Maurice Tabard (French, 1897–1984). Room with Eye, 1930. The Metropolitan Museum of Art, New York, The Elisha Whittelsey Collection, The Elisha Whittelsey Fund, 1962 (62.576.4)
The Surrealist movement, founded in Paris in 1924, attracted photographers whose radical experiments had a profound impact on the medium's aesthetic evolution. Surrealist photographers devised many formal strategies to tap the creative power of dreams and the unconscious, yet all faced the same underlying question: How could the camera's eye be pried away from external appearances and made to represent the invisible inner world of thoughts, dreams, fears, fantasies, and desires? By manipulating the camera image—through multiple exposure, sandwiched negatives, photomontage, and other darkroom magic—artists exploited photography's illusionism to conjure fantastic scenarios that evoke the hallucinatory vividness of dreams.

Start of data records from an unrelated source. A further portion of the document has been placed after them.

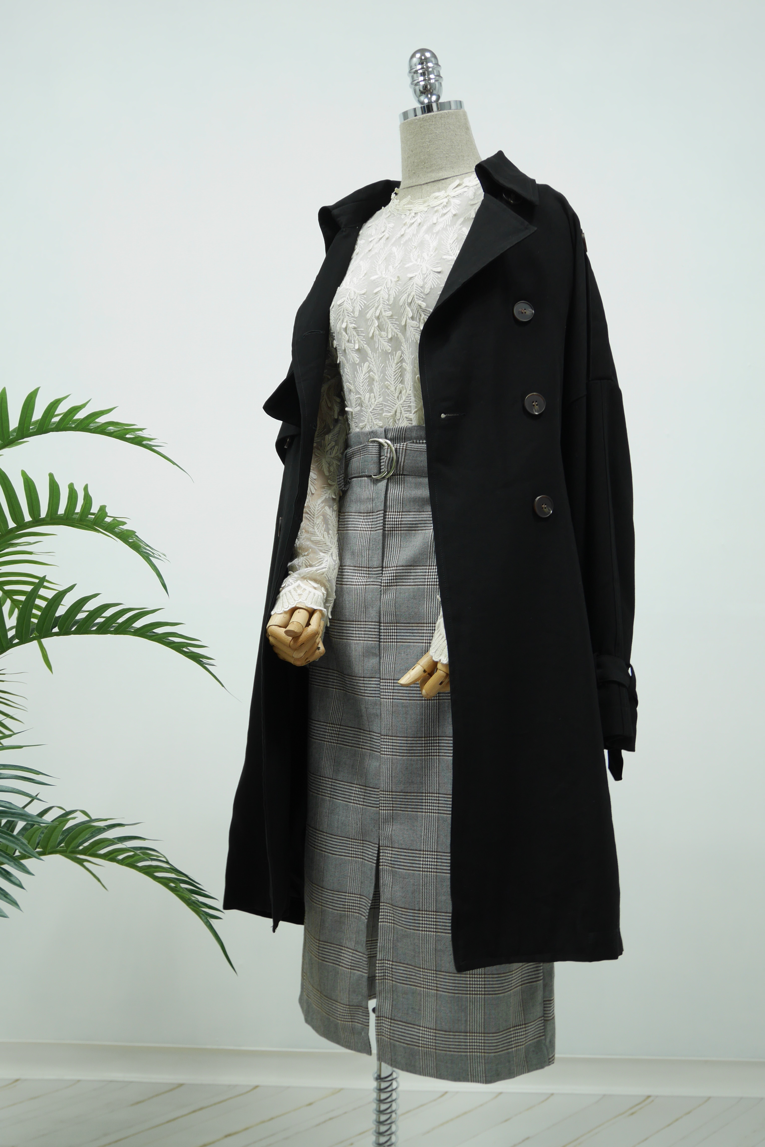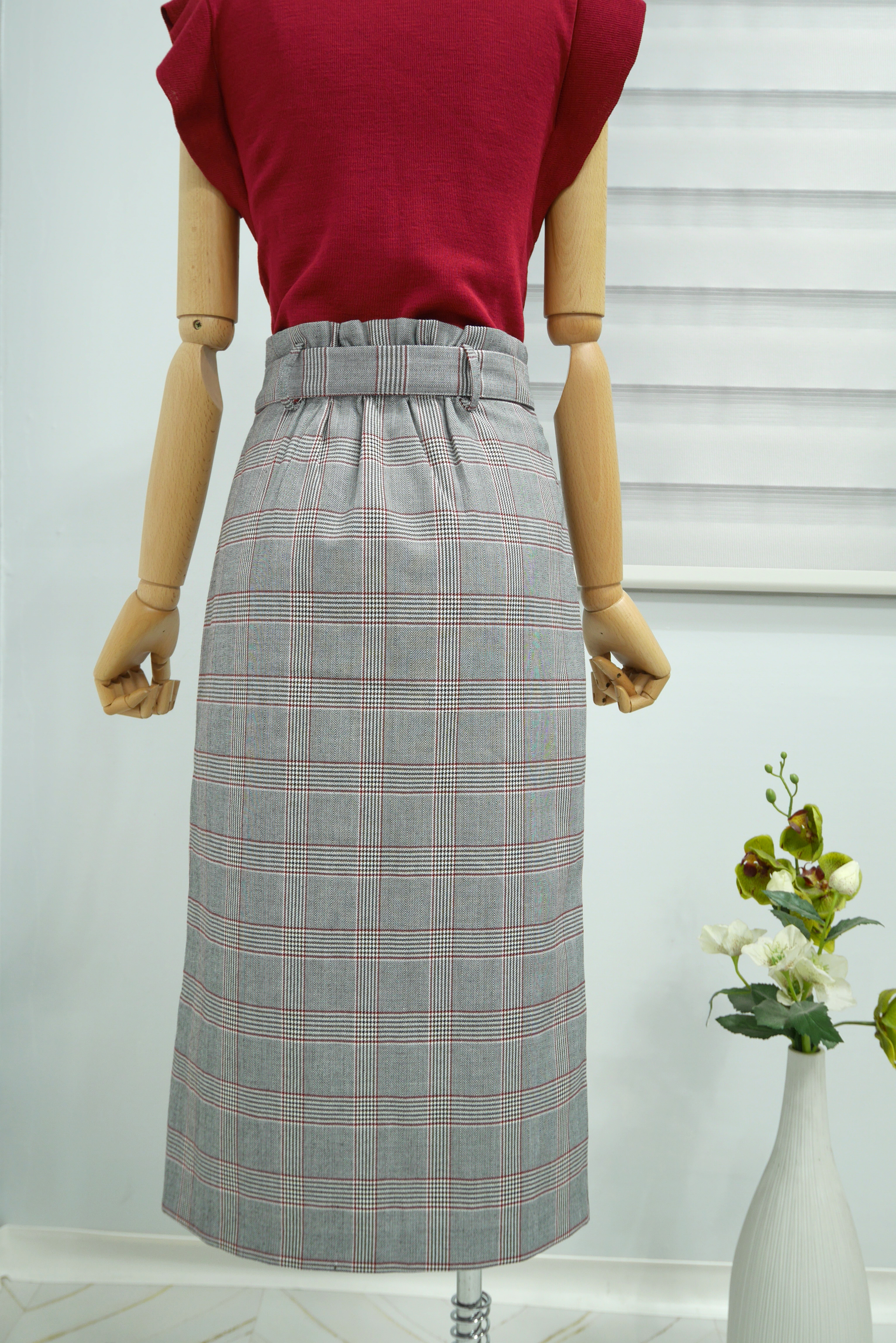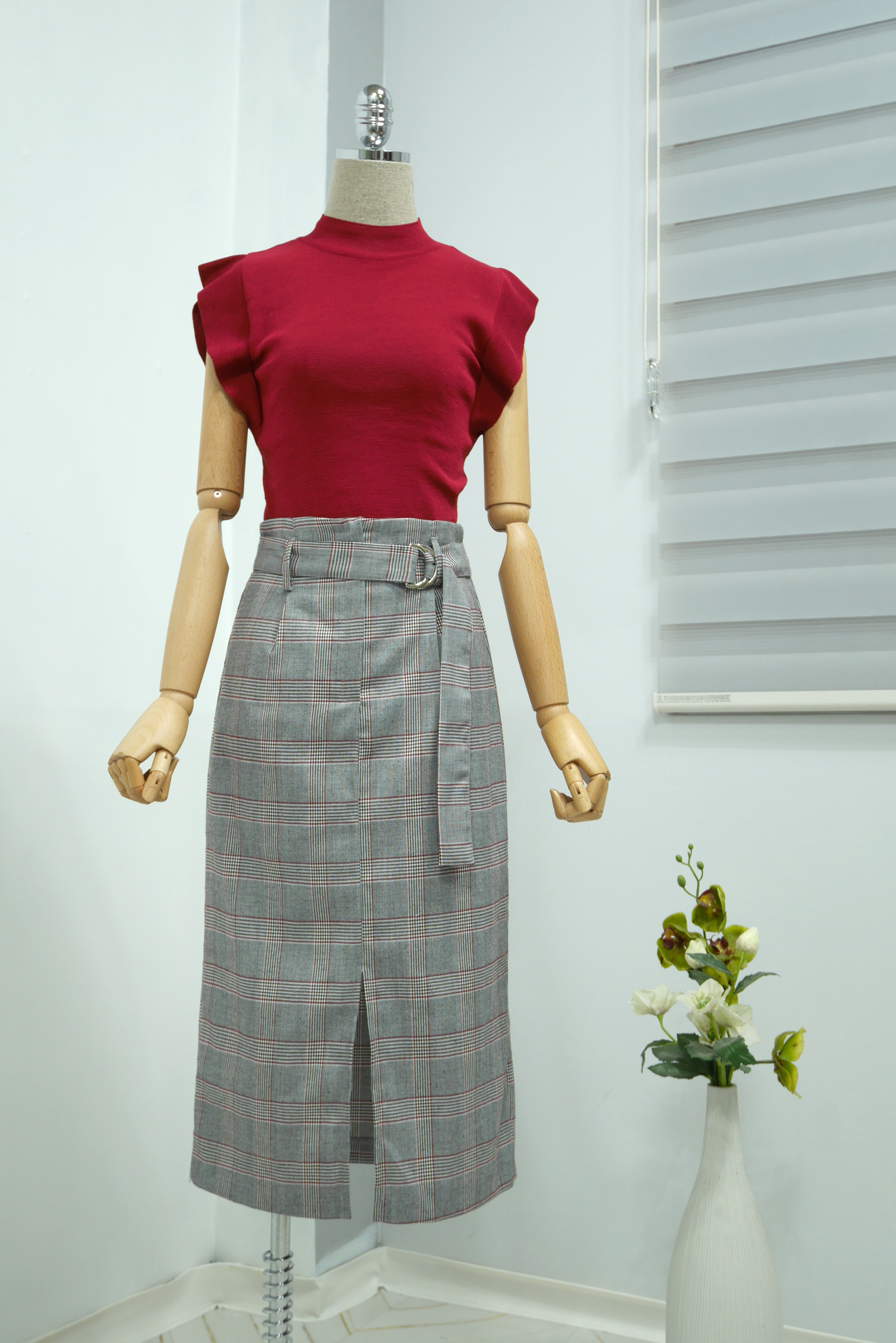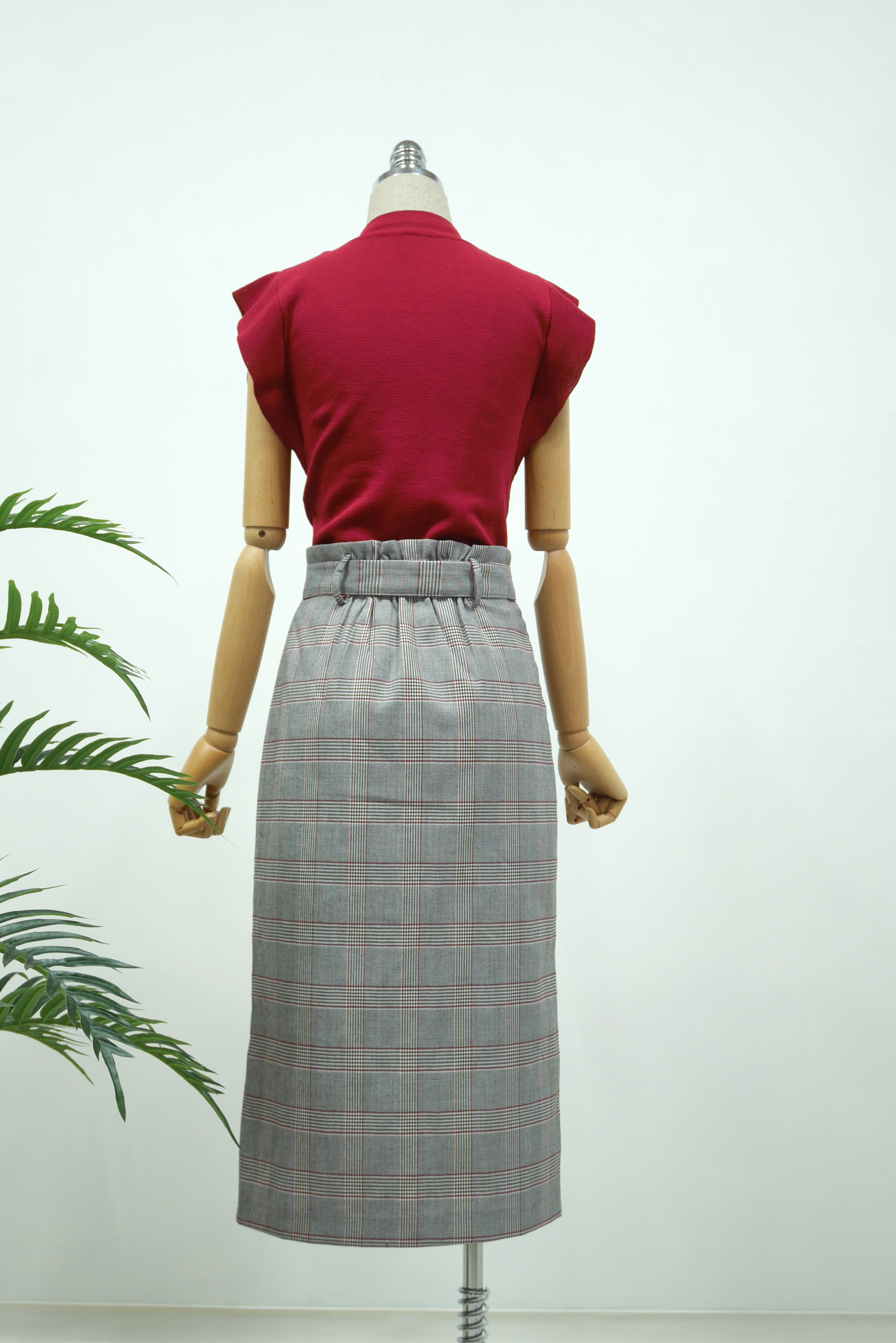 D Ring Belt Check Long skirt 2color Fall in advance
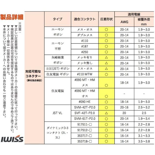対応端子: JSTギボシ端子、矢崎ギボシ端子、エーモン平型ギボシ端子#250・#187、ダイナミックコネクタD-3000シリーズD-3コンタクト3Lに対応。
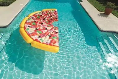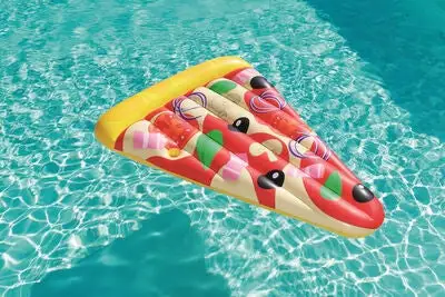 Bli den kuleste på stranda, med denne morsomme flyteleken fra Bestway! Flyteleken forestiller en appetittvekkende pizzabit, som du kan flyte rundt på mens du nyter solen. Den oppblåsbare flytemadrassen er laget i solid vinyl, og har to luftkammer og smarte sikkerhetsventiler. Badeleken leveres med et praktisk reparasjonssett, slik at du enkelt kan lappe små rifter eller hull. Den har en praktisk, innebygget koppholder, slik at du kan kjøle deg ned med en kald drikke mens du flyter rundt på vannet, eller ligger på stranda og soler. Flytemadrassen har i tillegg to festeringer på undersiden av hver langside, slik at du kan feste flere flytemadrasser sammen, og lage en kjempestor, flytende pizza!

By the late 1930s the outlandish iconography of Surrealism had begun to infiltrate mainstream commercial culture. No one did more to expand the movement's reach than the artist Salvador Dalí. His bizarre iconography and meticulous technique influenced the work of many mid-century photographers, including George Platt Lynes and Angus McBean, who played up the campy aspects of Surrealist dream imagery. Others extended the legacy of Surrealism in more personal, idiosyncratic directions, altering the photographic image to bridge the gap between visible reality and the metaphysical realm of the imagination.